_EXERCISE DATA_
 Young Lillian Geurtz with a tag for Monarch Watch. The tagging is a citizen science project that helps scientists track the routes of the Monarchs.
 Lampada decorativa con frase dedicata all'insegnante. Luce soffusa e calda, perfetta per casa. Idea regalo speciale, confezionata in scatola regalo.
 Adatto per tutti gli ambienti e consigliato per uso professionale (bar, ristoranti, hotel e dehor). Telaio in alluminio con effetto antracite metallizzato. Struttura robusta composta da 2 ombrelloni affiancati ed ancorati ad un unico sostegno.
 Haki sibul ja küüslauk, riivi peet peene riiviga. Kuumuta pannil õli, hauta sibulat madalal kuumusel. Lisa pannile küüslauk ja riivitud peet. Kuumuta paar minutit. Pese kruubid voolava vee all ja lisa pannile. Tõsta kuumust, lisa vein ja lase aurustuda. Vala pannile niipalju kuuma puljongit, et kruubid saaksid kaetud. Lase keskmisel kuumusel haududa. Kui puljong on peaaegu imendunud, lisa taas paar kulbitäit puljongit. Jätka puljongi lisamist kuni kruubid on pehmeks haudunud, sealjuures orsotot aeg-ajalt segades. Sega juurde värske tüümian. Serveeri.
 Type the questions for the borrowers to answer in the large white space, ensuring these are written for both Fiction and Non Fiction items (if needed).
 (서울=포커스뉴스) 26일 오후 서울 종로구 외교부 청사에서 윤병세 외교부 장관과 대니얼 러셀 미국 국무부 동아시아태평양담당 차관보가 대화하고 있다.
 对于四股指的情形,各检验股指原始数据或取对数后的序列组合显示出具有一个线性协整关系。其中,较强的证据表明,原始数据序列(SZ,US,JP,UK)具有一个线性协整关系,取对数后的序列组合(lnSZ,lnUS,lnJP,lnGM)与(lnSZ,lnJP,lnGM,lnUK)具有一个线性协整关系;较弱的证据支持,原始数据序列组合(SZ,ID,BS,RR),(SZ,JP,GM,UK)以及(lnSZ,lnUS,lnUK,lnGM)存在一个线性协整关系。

_WHAT IS BEING ASKED_
Write out, exactly and with nothing else, the lines of the listing above from its first line through the line with "Lampada decorativa con".

_TASK OUTPUT_
 Young Lillian Geurtz with a tag for Monarch Watch. The tagging is a citizen science project that helps scientists track the routes of the Monarchs.
 Lampada decorativa con frase dedicata all'insegnante. Luce soffusa e calda, perfetta per casa. Idea regalo speciale, confezionata in scatola regalo.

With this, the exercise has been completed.